> **Source material**
-- Opening Marker --
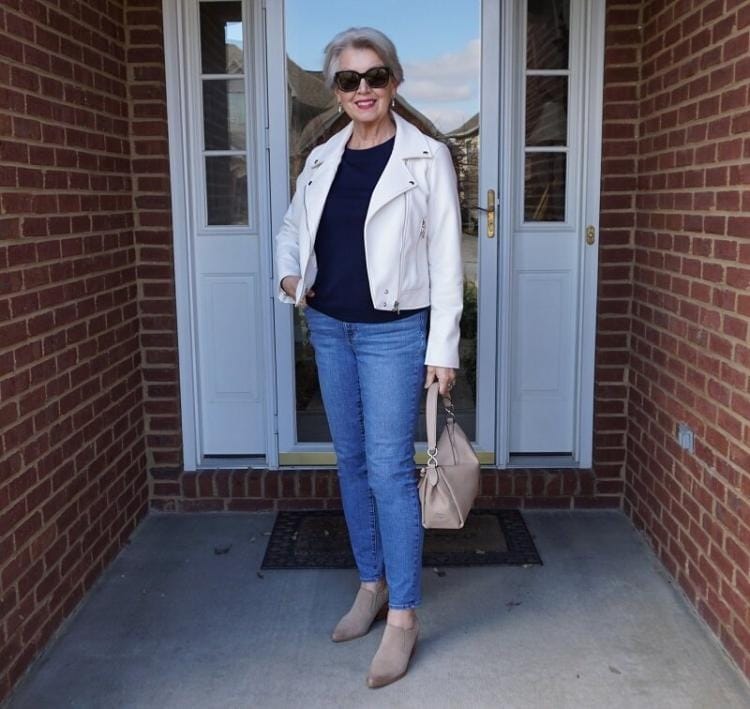 – Šik bílé kožené bundy, která se bez námahy kombinuje s tmavě modrým svetrem, jednoduchými džíny a béžovými doplňky.
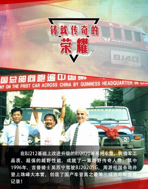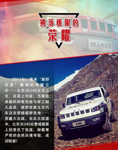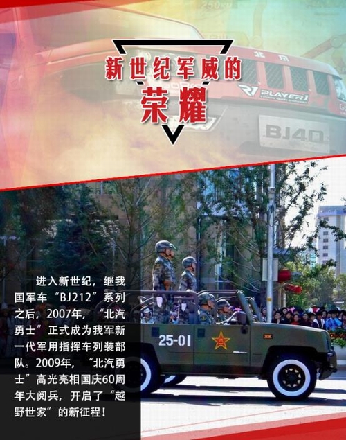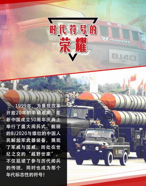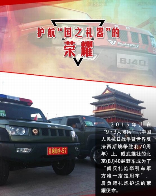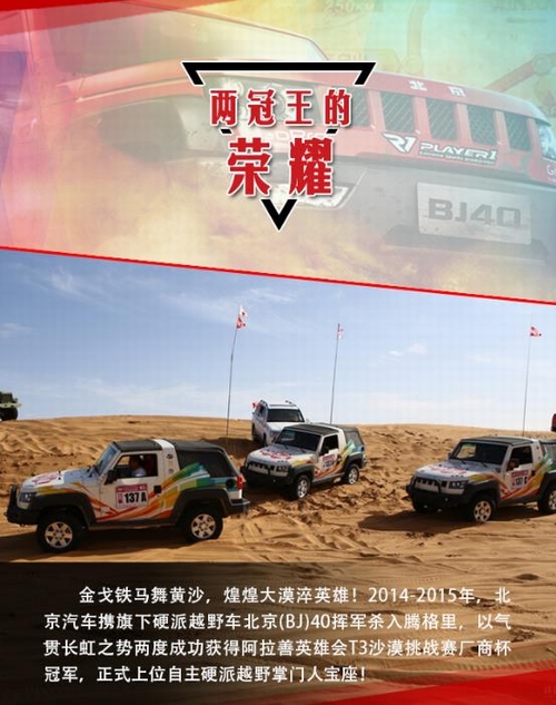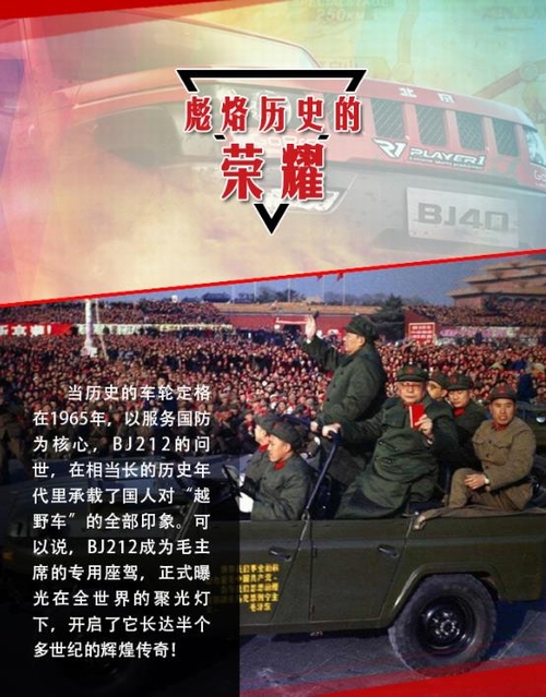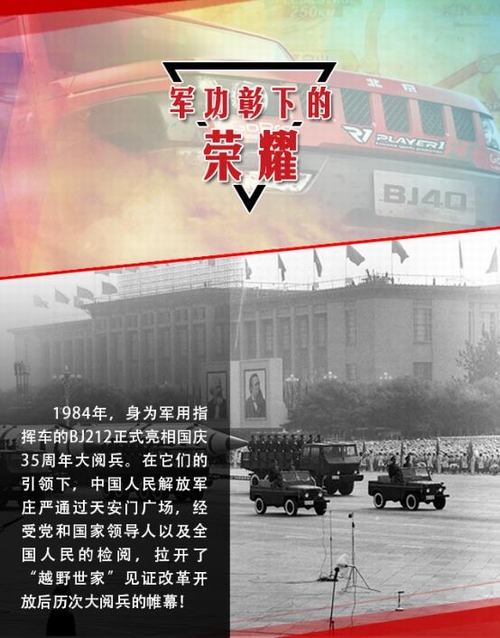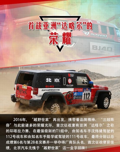 2016年5月15日—29日,“越野世家”携旗下悍将北京(BJ)40首次征战素有“亚洲达喀尔”之称的环塔拉力赛,便取得了厂商队头名的荣耀战绩。环塔拉力赛至今已成功举办十年之久,具有里程长、路段艰险等特点,而且伴有沙尘暴、高温、缺水等极限状态,是对车辆可靠性与耐久性的全方位考验! 出征此项赛事,并取得辉煌成绩,再次验证了北京(BJ)40军工耐久品质,为“越野世家”北京汽车书写新的荣耀时刻。而事实上除了此次参赛外,诞生于上世纪五六十年代的“越野世家”,一直荣耀傍身且见证了新中国一个个重要历史时刻,堪称辉煌经典!今天我们就来扒一扒它的历次荣耀时刻。 如果说,北汽“越野世家”在那一代人心中,曾是一种无法磨灭的情怀,曾象征着一个时代。那么,从踏上环塔征程、夺取厂商队头名的这一刻起,“越野世家”正缓缓开启一个全新的荣耀时代。这个时代,关于情怀、更关乎于实力! |
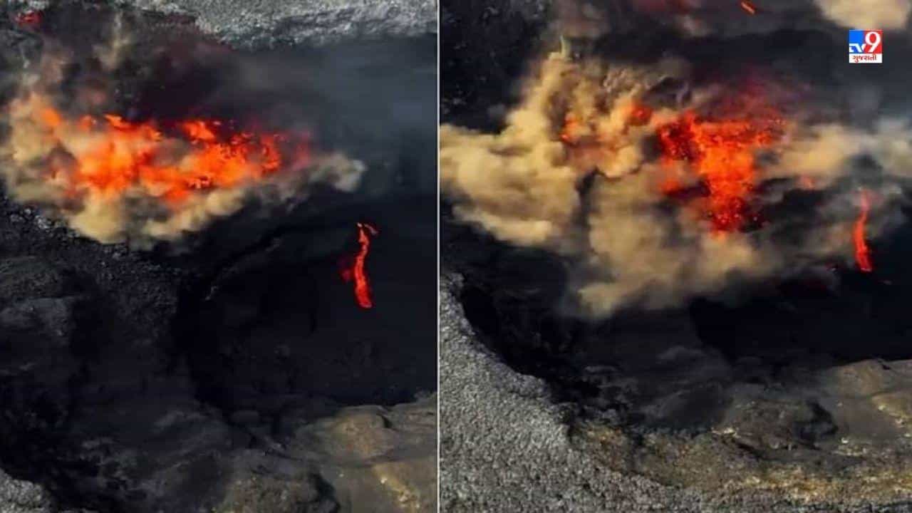 આ વીડિયોમાં તમે જોઈ શકો છો કે જ્વાળામુખીના ખાડાનો એક મોટો ભાગ અચાનક પડી જાય છે, જેમાંથી ભયાનક લાવા અને ધુમાડો નીકળતો જોવા મળે છે. તમને જણાવી દઈએ કે હોરુર ક્રિસ્ટાલેફસન નામના ફોટોગ્રાફરે ડ્રોન (Drone) વડે આ દ્રશ્યને પોતાના કેમેરામાં કેદ કર્યો હતો. જ્વાળામુખીનો આ વીડિયો જોઈને દરેક લોકો આશ્ચર્યચકિત થઈ ગયા છે.
-- Closing Marker --
Give the data above back unchanged, except for the pictures.

 – Šik bílé kožené bundy, která se bez námahy kombinuje s tmavě modrým svetrem, jednoduchými džíny a béžovými doplňky.
 2016年5月15日—29日,“越野世家”携旗下悍将北京(BJ)40首次征战素有“亚洲达喀尔”之称的环塔拉力赛,便取得了厂商队头名的荣耀战绩。环塔拉力赛至今已成功举办十年之久,具有里程长、路段艰险等特点,而且伴有沙尘暴、高温、缺水等极限状态,是对车辆可靠性与耐久性的全方位考验! 出征此项赛事,并取得辉煌成绩,再次验证了北京(BJ)40军工耐久品质,为“越野世家”北京汽车书写新的荣耀时刻。而事实上除了此次参赛外,诞生于上世纪五六十年代的“越野世家”,一直荣耀傍身且见证了新中国一个个重要历史时刻,堪称辉煌经典!今天我们就来扒一扒它的历次荣耀时刻。 如果说,北汽“越野世家”在那一代人心中,曾是一种无法磨灭的情怀,曾象征着一个时代。那么,从踏上环塔征程、夺取厂商队头名的这一刻起,“越野世家”正缓缓开启一个全新的荣耀时代。这个时代,关于情怀、更关乎于实力! |
 આ વીડિયોમાં તમે જોઈ શકો છો કે જ્વાળામુખીના ખાડાનો એક મોટો ભાગ અચાનક પડી જાય છે, જેમાંથી ભયાનક લાવા અને ધુમાડો નીકળતો જોવા મળે છે. તમને જણાવી દઈએ કે હોરુર ક્રિસ્ટાલેફસન નામના ફોટોગ્રાફરે ડ્રોન (Drone) વડે આ દ્રશ્યને પોતાના કેમેરામાં કેદ કર્યો હતો. જ્વાળામુખીનો આ વીડિયો જોઈને દરેક લોકો આશ્ચર્યચકિત થઈ ગયા છે.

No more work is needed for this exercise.